Johnson, Johnston

Padraig Mac Giolla-Domhnaigh
1923

Johnson, Johnston—These two names need a rather lengthy explanation. In the first case the name Johnson has been assumed by several of those bearing the names Makeon, M'Keon, McKeown, and Mac Eoin, in the districts surrounding Tuam, Co. Galway, and in several districts of Co. Sligo.

The names referred to are various forms of the original Gaelic Mac Eóin.

The reference to M'Keown here, which is another form of M'Keon in Connacht, needs explaining. This name in Connacht has no connection it seems with the Ulster septs of that name. The M'Keowns of Co. Antrim and Co. Derry are a Gaelicised sept of the Scottish sept of Bisset whose district was principally in the Glens of that part of Antrim occupied later by the McDonnells, the sept taking its name of Mac Eóin from one, Eóin Bisset, of that Scottish family. The other sept of the M'Keowns, located in Co. Armagh, are of a quite different origin. The M'Keowns were identified as Erinach of the Parish of Derrynoose, Keady, Co. Armagh, for centuries, and another sept was identified as Erinachs of Creggan—"Creggan of the Green Bushes"—about which Art McCovey, the Co.
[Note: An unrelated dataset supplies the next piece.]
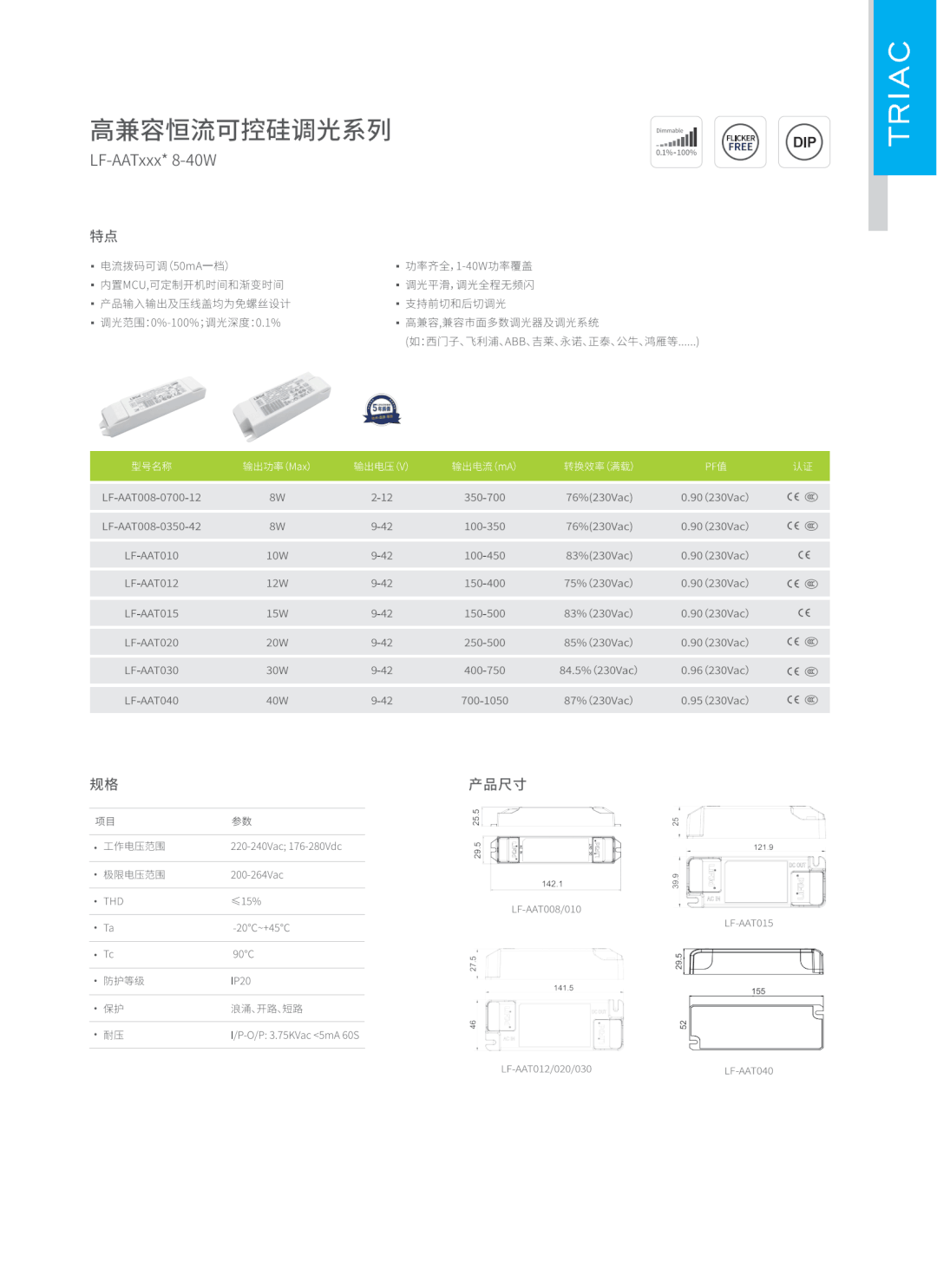 ·AAT恒流調光電源:兼顧體積、認證與性能,內置MCU具有超高兼容性,兼容市面主流調光系統,小眾調光系統也可通過測試調整曲線實現兼容。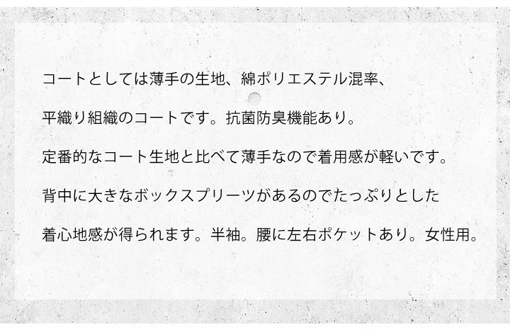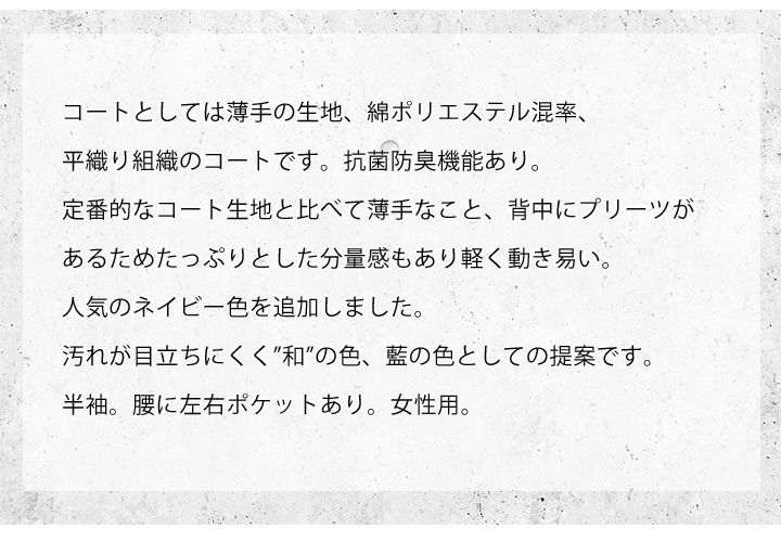 他の画像を見る 定番調理用コート。抗菌防臭加工生地使用。 セブンユニフォーム AA332 コート半袖 女性用 レディース 抗菌防臭 レストラン 調理用 厨房 白衣 飲食店 本体価格 ¥ 3,465 税込 カートに入れる お気に入りに登録する

Armagh Gaelic bard has sung. This name in Gaelic is Mac Eogháin—the "Son of Owen." Other forms are M'Geown and M'Guone; in Gaelic Mag Eoghain, substituting "Mag" in place of "Mac," which is a common feature of several names in Northern Ireland, the Southern part of Argyle, and in Galloway in Scotland. In the district of Pointzpass, Co. Armagh, where many of the inhabitants are of Scottish origin, the name M'Cheyne, an equivalent to the Irish McShane, has been anglicised Johnston and Johnson. The name M'Cheyne is a shortened form of M'Ilcheyne, a sept found in Bute, Galloway and Glenshee; in Gaelic Mac Giolla-Seáin.

It is the anglicised form of McShan in North Tyrone, and McShane in the districts adjoining Armagh City, and in the Fews in Co. Armagh; also in the districts surrounding Cavan it is the anglicised form of McShane; in Gaelic Mac Seáin. Some of the M'Keans, a McDonald sept, have assumed the name of Johnston. Several families of the Johnstons of Dumfries are found in the Counties of Armagh, Antrim and Fermanagh, and it is reckoned these families are of Gaelic origin, having changed the name from Mac Iain to Johnston at an early period, as many Scottish septs assumed anglicised names previous to the Battle of Bannockburn in 1314.